SUPPLIED INFORMATION Start Marker

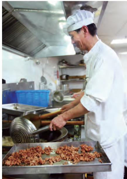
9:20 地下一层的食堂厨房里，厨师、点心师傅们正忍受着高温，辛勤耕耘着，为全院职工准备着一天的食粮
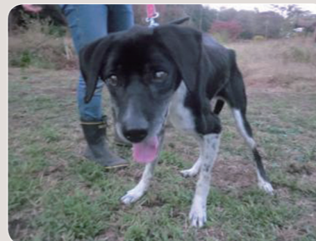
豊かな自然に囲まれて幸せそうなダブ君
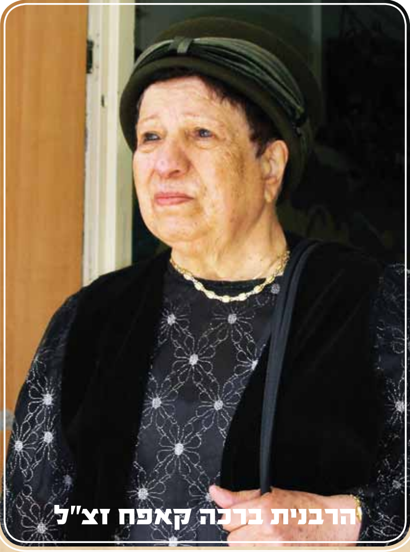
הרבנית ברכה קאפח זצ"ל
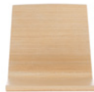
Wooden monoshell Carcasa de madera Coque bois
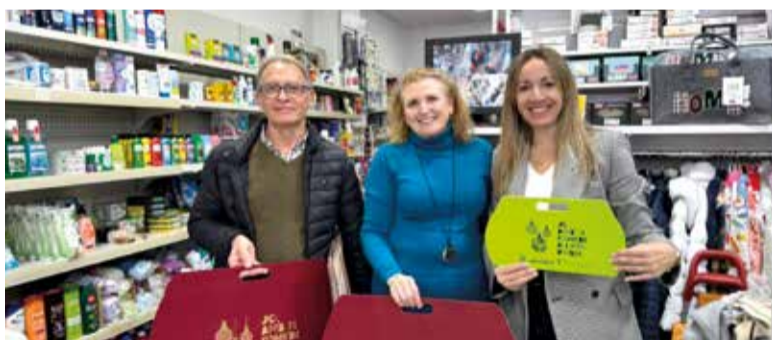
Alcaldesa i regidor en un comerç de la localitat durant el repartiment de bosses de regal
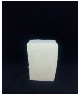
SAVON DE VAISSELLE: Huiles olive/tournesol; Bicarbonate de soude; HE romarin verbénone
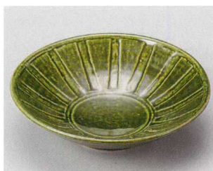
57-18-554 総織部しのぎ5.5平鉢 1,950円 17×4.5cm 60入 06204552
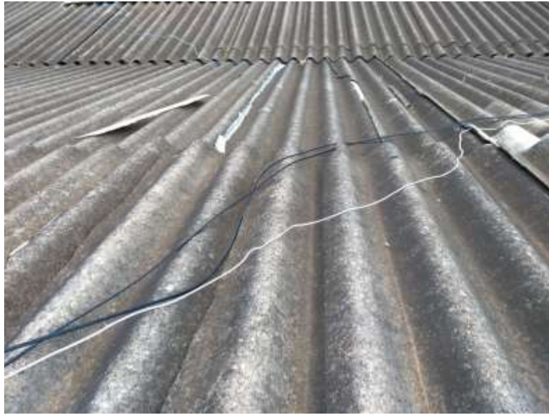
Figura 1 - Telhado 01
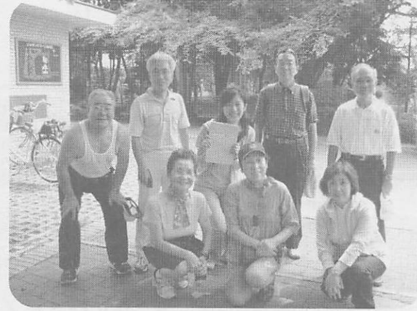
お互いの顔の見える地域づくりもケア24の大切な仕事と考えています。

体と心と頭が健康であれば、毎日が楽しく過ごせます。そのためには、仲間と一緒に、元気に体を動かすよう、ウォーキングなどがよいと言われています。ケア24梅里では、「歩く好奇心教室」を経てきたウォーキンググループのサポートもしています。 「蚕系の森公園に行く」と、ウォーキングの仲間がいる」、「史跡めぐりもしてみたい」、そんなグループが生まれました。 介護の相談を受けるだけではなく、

SUPPLIED INFORMATION End Marker

YOUR OBJECTIVE:
When copying the entries, drop the images and keep every line exact.

RESPONSE FOR THIS EXERCISE:
9:20 地下一层的食堂厨房里，厨师、点心师傅们正忍受着高温，辛勤耕耘着，为全院职工准备着一天的食粮
豊かな自然に囲まれて幸せそうなダブ君
הרבנית ברכה קאפח זצ"ל
Wooden monoshell Carcasa de madera Coque bois
Alcaldesa i regidor en un comerç de la localitat durant el repartiment de bosses de regal
SAVON DE VAISSELLE: Huiles olive/tournesol; Bicarbonate de soude; HE romarin verbénone
57-18-554 総織部しのぎ5.5平鉢 1,950円 17×4.5cm 60入 06204552
Figura 1 - Telhado 01
お互いの顔の見える地域づくりもケア24の大切な仕事と考えています。

体と心と頭が健康であれば、毎日が楽しく過ごせます。そのためには、仲間と一緒に、元気に体を動かすよう、ウォーキングなどがよいと言われています。ケア24梅里では、「歩く好奇心教室」を経てきたウォーキンググループのサポートもしています。 「蚕系の森公園に行く」と、ウォーキングの仲間がいる」、「史跡めぐりもしてみたい」、そんなグループが生まれました。 介護の相談を受けるだけではなく、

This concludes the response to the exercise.